# Next Word Prediction using NLTK

#### Importing Libraries

In [1]:
%%capture
!pip install nltk

In [2]:
import nltk
from nltk.corpus import reuters
from nltk import bigrams, ConditionalFreqDist

In [3]:
nltk.download(['reuters', 'punkt'])

[nltk_data] Downloading package reuters to /root/nltk_data...
[nltk_data]   Package reuters is already up-to-date!
[nltk_data] Downloading package punkt to /root/nltk_data...
[nltk_data]   Package punkt is already up-to-date!


True

#### Loading the dataset

In [4]:
corpus = reuters.sents()

In [5]:
print(corpus[1])

['They', 'told', 'Reuter', 'correspondents', 'in', 'Asian', 'capitals', 'a', 'U', '.', 'S', '.', 'Move', 'against', 'Japan', 'might', 'boost', 'protectionist', 'sentiment', 'in', 'the', 'U', '.', 'S', '.', 'And', 'lead', 'to', 'curbs', 'on', 'American', 'imports', 'of', 'their', 'products', '.']


In [6]:
len(corpus)

54716

#### Creating Bigrams

In [7]:
words = [word.lower() for sent in corpus for word in sent]
bigrams_list = list(bigrams(words))

In [8]:
print(bigrams_list[:10])

[('asian', 'exporters'), ('exporters', 'fear'), ('fear', 'damage'), ('damage', 'from'), ('from', 'u'), ('u', '.'), ('.', 's'), ('s', '.-'), ('.-', 'japan'), ('japan', 'rift')]

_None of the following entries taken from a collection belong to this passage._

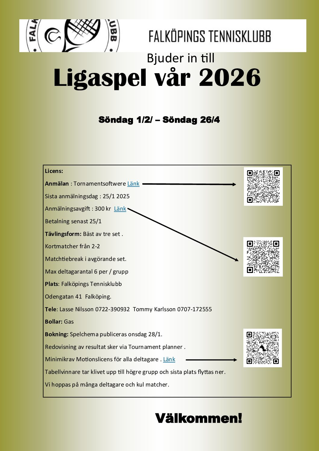 Ligaspel Vår 2026januari 15, 2026Falköpings Tennisklubb inbjuder till ligaspel för medlemar. Spelar du i… Läs mer Ligaspel Vår 2026
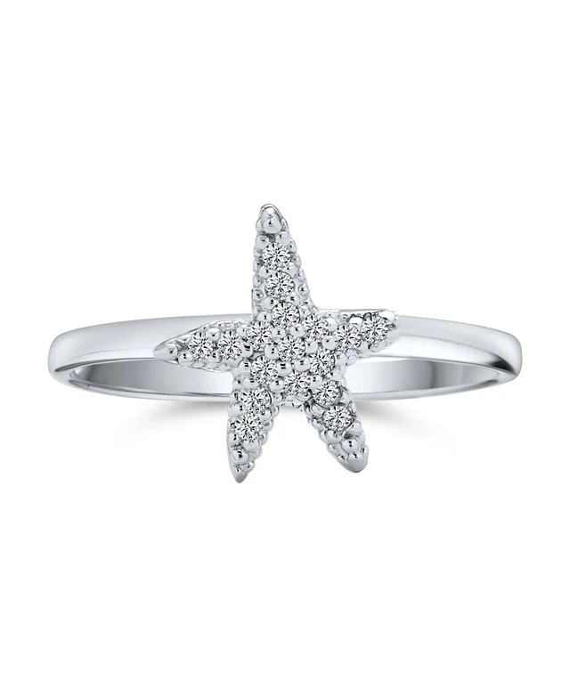 Bling Jewelry Tiny Pave Cubic Zirconia Cz Nautical Tropical Beach Starfish Ring .925 Sterling Silver
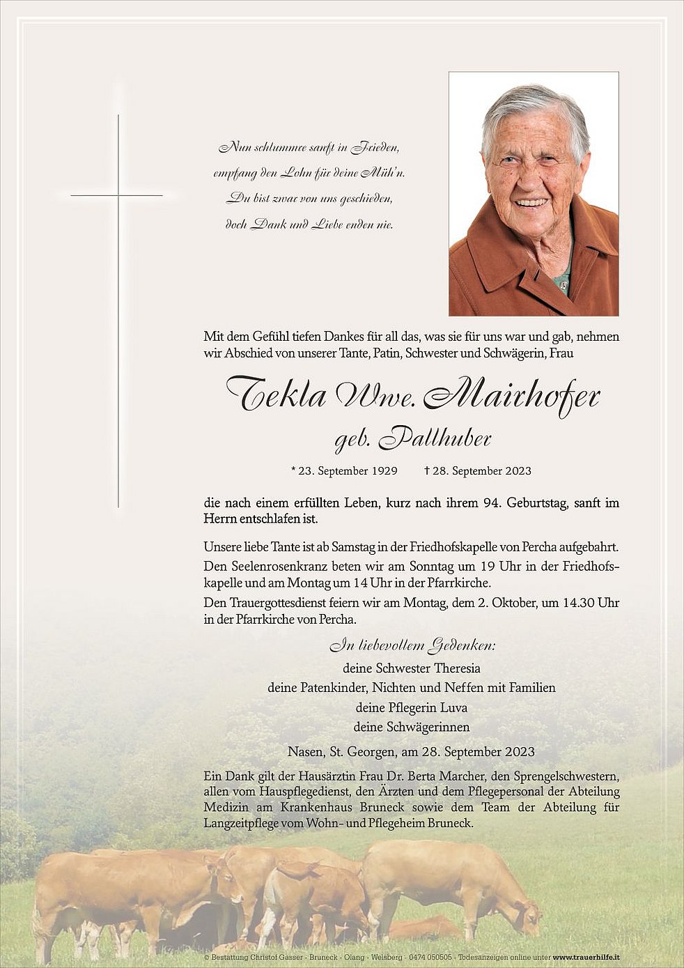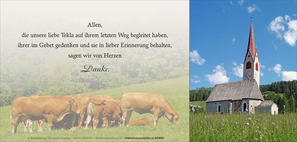 Ein Dank gilt der Hausärztin Frau Dr. Berta Marcher, den Sprengelschwestern, allen vom Hauspflegedienst, den Ärzten und dem Pflegepersonal der Abteilung Medizin am Krankenhaus Bruneck sowie dem Team der Abteilung für Langzeitpflege vom Wohn- und Pflegeheim Bruneck.

#### Creating Conditional Frequency Distribution

In [9]:
cfd = ConditionalFreqDist(bigrams_list)

In [10]:
cfd['the']

FreqDist({'company': 3126, 'u': 2264, 'dollar': 984, 'bank': 960, 'first': 839, 'government': 787, 'year': 720, 'united': 682, 'new': 678, 'market': 590, ...})

#### Predicting Next Word

In [11]:
def predict_next_word(input_word):
    input_word = input_word.lower()

    if input_word in cfd:
        return cfd[input_word].max()
    else:
        return "Word not found in corpus"

In [12]:
input_word = str(input('Enter word: '))
next_word = predict_next_word(input_word)
print(f"The next word after '{input_word}' could be: '{next_word}'")

Enter word: I
The next word after 'I' could be: 'think'